To test the primary hypothesis that the mean time to the next suicide 
attempt during the follow-up period is different between treatment 
groups, a priori power calculations were based on the results of a 
previous randomized controlled trial with a similar protocol.
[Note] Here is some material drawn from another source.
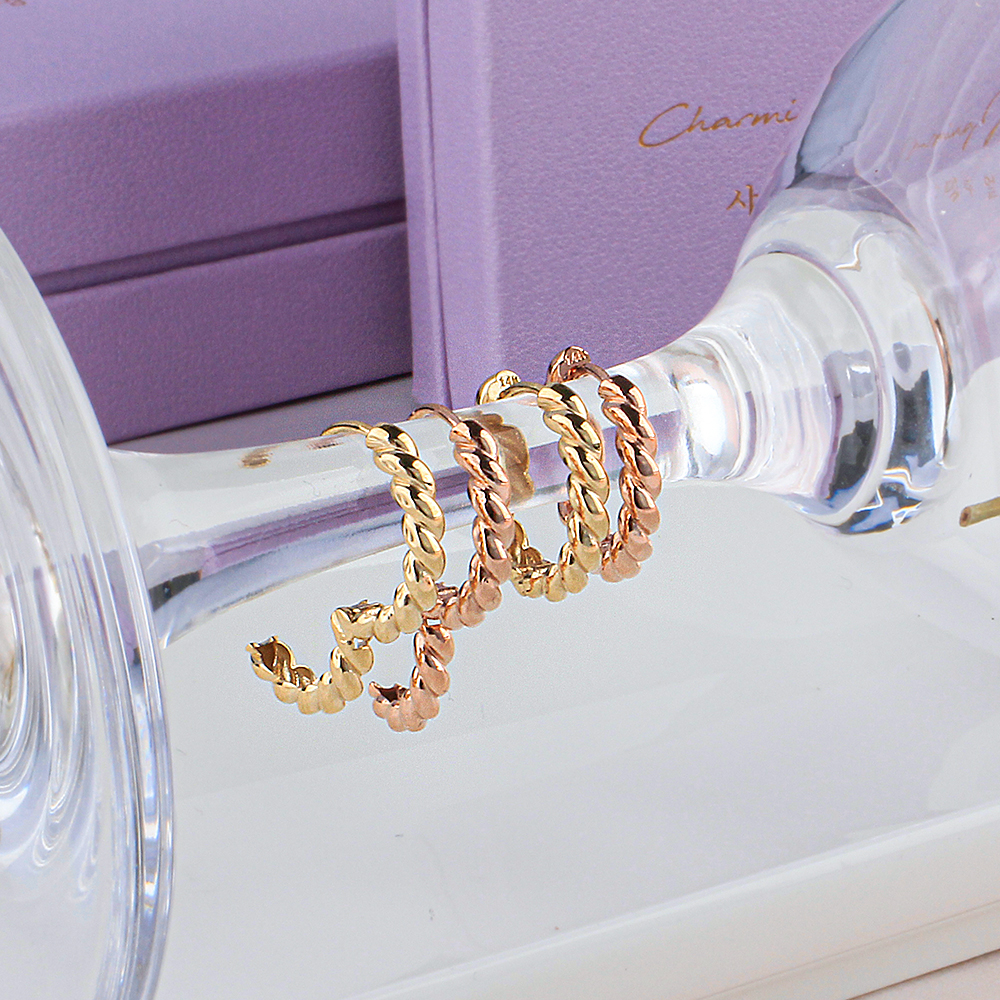 14K링 귀걸이 원터치 볼드 꼬임 꽈배기 밧줄 데일리

The current sample size ($N = 120$) provided at least $80\%$ power to 
detect a hazard ratio of $0.44$ in terms of time to next suicide 
attempt between treatment groups using an assumed repeat attempt rate 
of $25.8\%$ during the follow-up period and a two-sided $\alpha$ level of 0.05.
\end{frame}

\begin{frame}[t]
\frametitle{1. Comparing means for continuous outcomes}
$$
Y_{ik} \sim N(\mu_k, \sigma^2); k=1,2; i=1,\dots,n_k
$$
\begin{itemize}
	\item Testing for equality of two independent means
	\item Superiority trial of two independent means
	\item Non-inferiority trial of two independent means
	\item Equivalance trial of two independent means
\end{itemize}
\end{frame}

\begin{frame}
\frametitle{1.1 Testing for equality of two means}
$$
H_0: \theta = \mu_1 - \mu_2 = 0 \mbox{ versus } H_1: \theta \neq 0
$$

\begin{alertblock}{\center Procedure}
\begin{enumerate}
	\item The sample mean: $\bar{Y}_k = \frac{1}{n_k} \sum_{i=1}^{n_k} Y_{ik}, k=1,2$
	\item The pooled-sample variance: $s_n^2 = \frac{1}{n_1 + n_2 - 2} \sum_{k=1}^2 \sum_{i=1}^{n_k} (Y_{ik} - \bar{Y}_k)^2$
	\item The two-sample $t$-test statistic: $T_n = \frac{\bar{Y}_1 - \bar{Y}_2}{s_n \sqrt{1/n_1 + 1/n_2}}$
	\item Under $H_0$: $T_n \sim t_{\nu}, \nu = n_1 + n_2 - 2$;
	\item Under $H_1$: $T_n \sim t_{\nu}(c), c=\frac{\theta}{\sigma \sqrt{1/n_1 + 1/n_2}}$
	\item Reject $H_0$ if $|T_n| \ge t_{\nu, \alpha/2}$
\end{enumerate}
\end{alertblock}
\end{frame}


\begin{frame}[t]
\frametitle{1.1 Testing for equality of two means}
Under $H_1$, the power of the two-sample $t$-test is given by
$$
1 - \beta = 1 - \mathcal{T}(t_{\nu, \alpha/2}, c) + \mathcal{T}(-t_{\nu,\alpha/2}, c)
$$
where $\mathcal{T}(\dot,c)$ denotes the cumulative distribution function of the noncentral $t_{\nu}(c)$ distribution.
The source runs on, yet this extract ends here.